3.3 “Best” fitting line

To choose the “best” fitting line, we need to find estimates of the intercept (\(\beta_0\)) and slope (\(\beta_1\)),

\[ E[Y | X] = \beta_0 + \beta_1\,X \]

that gives us the “best” fit to the \(n\) points on a scatterplot, \((x_i,y_i)\) where \(i=1,...,n\).

What do we mean by “best”? In general, we’d like good predictions and a model that describes the average relationship. But we need to be more precise about what we mean by “best”.

3.3.1 First idea

One idea of “best” is that we want the line that minimizes the sum of the residuals, \(e_i = y_i - \hat{y}_i = y_i - ( \hat{\beta}_0 + \hat{\beta}_1x_i)\). The residual is the error in our prediction, the difference between what you observe and what you predict based on the line.
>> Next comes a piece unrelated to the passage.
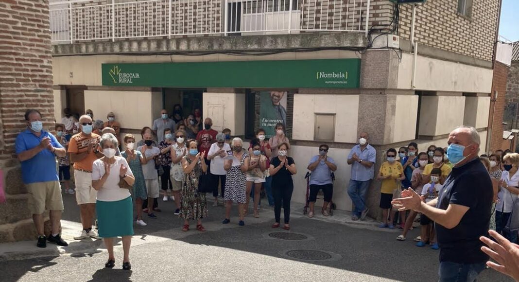 Tras concentrarse a las puertas del Ayuntamiento y después del repicar de las campañas de la Casa Consistorial, los vecinos de Nombela han roto en aplausos en memoria de la vecina presuntamente asesinada.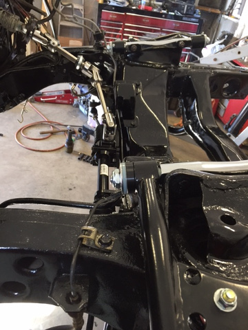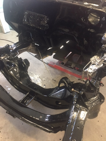 Engine bay all cleaned up and painted with new suspension parts installed.

Problem: We will have positive and negative residuals; they will cancel each other out if we add them together. While a good idea, this definition of “best” won’t give us what we want. We’ll want an idea that deals with the negative signs.

3.3.2 Second idea

Another idea of “best” is that we want the line that minimizes the sum of the absolute value of the residuals, \(\sum_{i=1}^n |y_i - \hat{y}_i| = \sum_{i=1}^n |y_i - ( \hat{\beta}_0 + \hat{\beta}_1x_i)| = \sum_{i=1}^n |e_i|\).

Problem: This definition of “best” results in a procedure referred to as Least Absolute Deviations, but there isn’t always one unique line that satisfies this. So, while this is a valid definition of “best,” this isn’t stable as there isn’t always one “best” line.

3.3.3 Third idea

Lastly, another idea of “best” is that we want the line that minimizes the sum of squared residuals, \(\sum_{i=1}^n (y_i - \hat{y}_i)^2= \sum_{i=1}^n(y_i-( \hat{\beta}_0 + \hat{\beta}_1x_i))^2=\sum_{i=1}^n e_i^2\).

This is referred to as Least Squares and has a unique solution. We’ll will focus on this definition of “best” in this class. It also has some really nice mathematical properties and connections to linear algebra.